↓

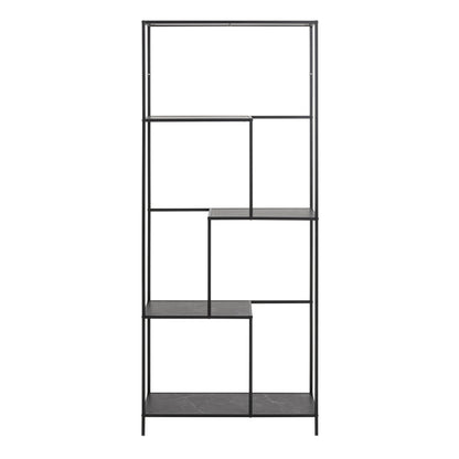 Organize your space with our contemporary bookcase, which features a sleek frame and base in matte black rough powder-coated steel. The four shelves in matte black melamine provide ample storage with a unique asymmetrical design, adding a modern touch to any room.
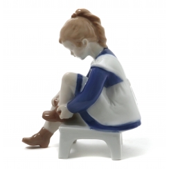 Фарфоровая фигура (статуэтка) "Марианна. Девочка завязывает шнурки". Ручная подглазурная роспись.
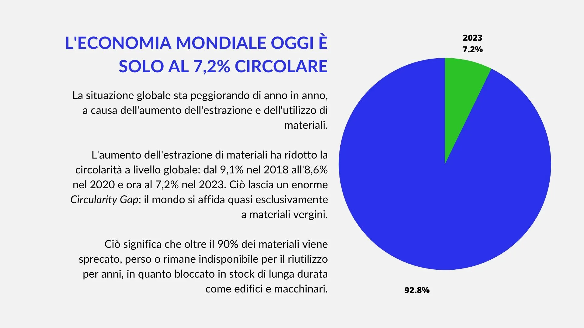 Il rapporto sottolinea il trend negativo nello sviluppo dell’economia circolare, nel 2023 solo il 7,2% dell’economia mondiale è circolare, cinque anni fa era il 9,1% come emerso dal Circularity Gap Report 2023. Inoltre, desta preoccupazione l’aumento del 10% della produzione dei rifiuti in Italia nel periodo 2010-2020, crescono i rifiuti speciali mentre si nota una diminuzione in quelli urbani.
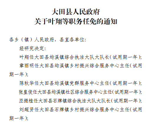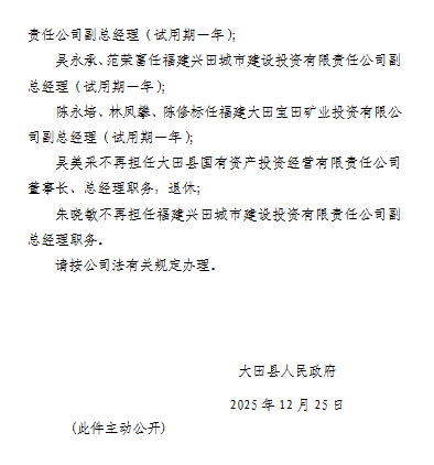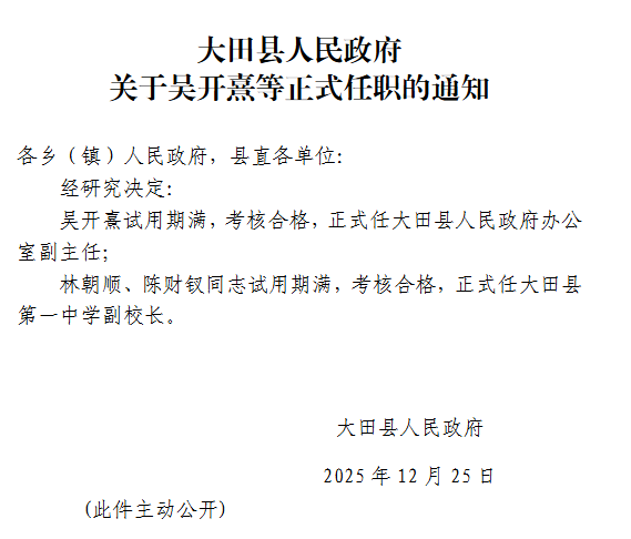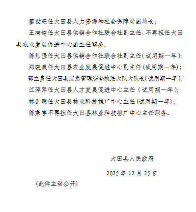 东南网1月6日讯 近日,三明大田县发布一批人事任免,一起来看——
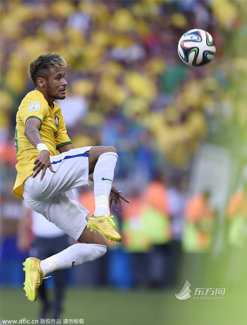 当地时间2014年6月28日,贝洛奥里藏特米内朗球场,2014巴西世界杯1/8决赛,巴西1-1智利。内马尔穿着金色毒蜂。(来源:东方IC 未经许可不得转载) >>>点击进入2014巴西世界杯专题
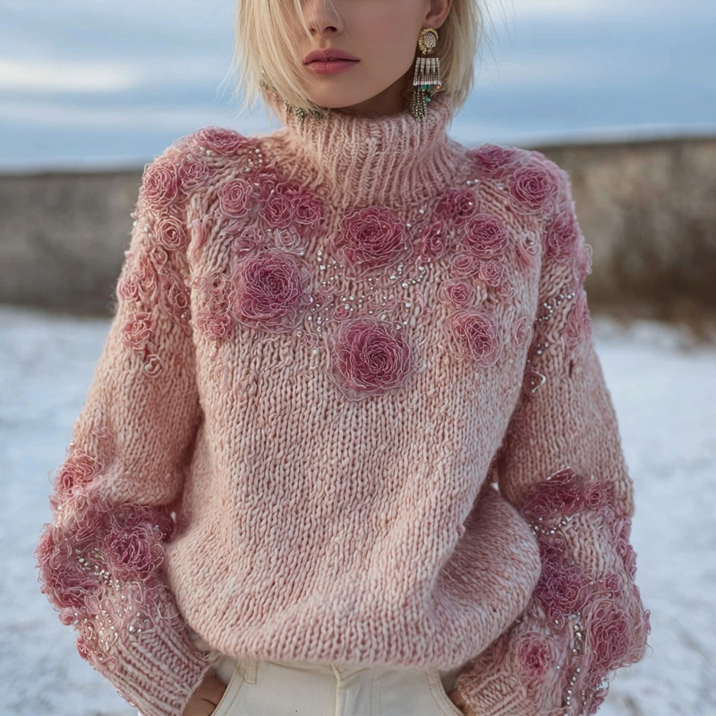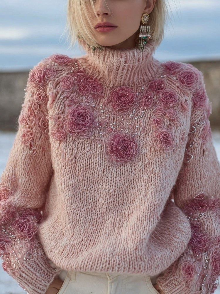 Vintage Pink Roses Embroidered Cozy Knit Turtleneck Sweater
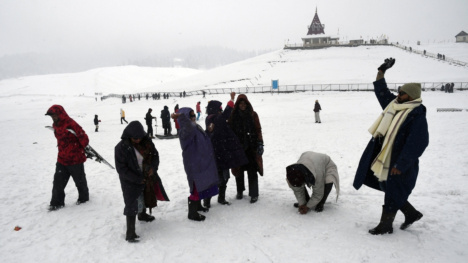 Hundreds of tourists are enjoying the snowfall at the resorts of Gulmarg and Sonamarg. (Ani)

↑

**TASK INSTRUCTIONS**
Reproduce the listing above exactly, excluding all pictures.

**WRITTEN ANSWER**
 Organize your space with our contemporary bookcase, which features a sleek frame and base in matte black rough powder-coated steel. The four shelves in matte black melamine provide ample storage with a unique asymmetrical design, adding a modern touch to any room.
 Фарфоровая фигура (статуэтка) "Марианна. Девочка завязывает шнурки". Ручная подглазурная роспись.
 Il rapporto sottolinea il trend negativo nello sviluppo dell’economia circolare, nel 2023 solo il 7,2% dell’economia mondiale è circolare, cinque anni fa era il 9,1% come emerso dal Circularity Gap Report 2023. Inoltre, desta preoccupazione l’aumento del 10% della produzione dei rifiuti in Italia nel periodo 2010-2020, crescono i rifiuti speciali mentre si nota una diminuzione in quelli urbani.
 东南网1月6日讯 近日,三明大田县发布一批人事任免,一起来看——
 当地时间2014年6月28日,贝洛奥里藏特米内朗球场,2014巴西世界杯1/8决赛,巴西1-1智利。内马尔穿着金色毒蜂。(来源:东方IC 未经许可不得转载) >>>点击进入2014巴西世界杯专题
 Vintage Pink Roses Embroidered Cozy Knit Turtleneck Sweater
 Hundreds of tourists are enjoying the snowfall at the resorts of Gulmarg and Sonamarg. (Ani)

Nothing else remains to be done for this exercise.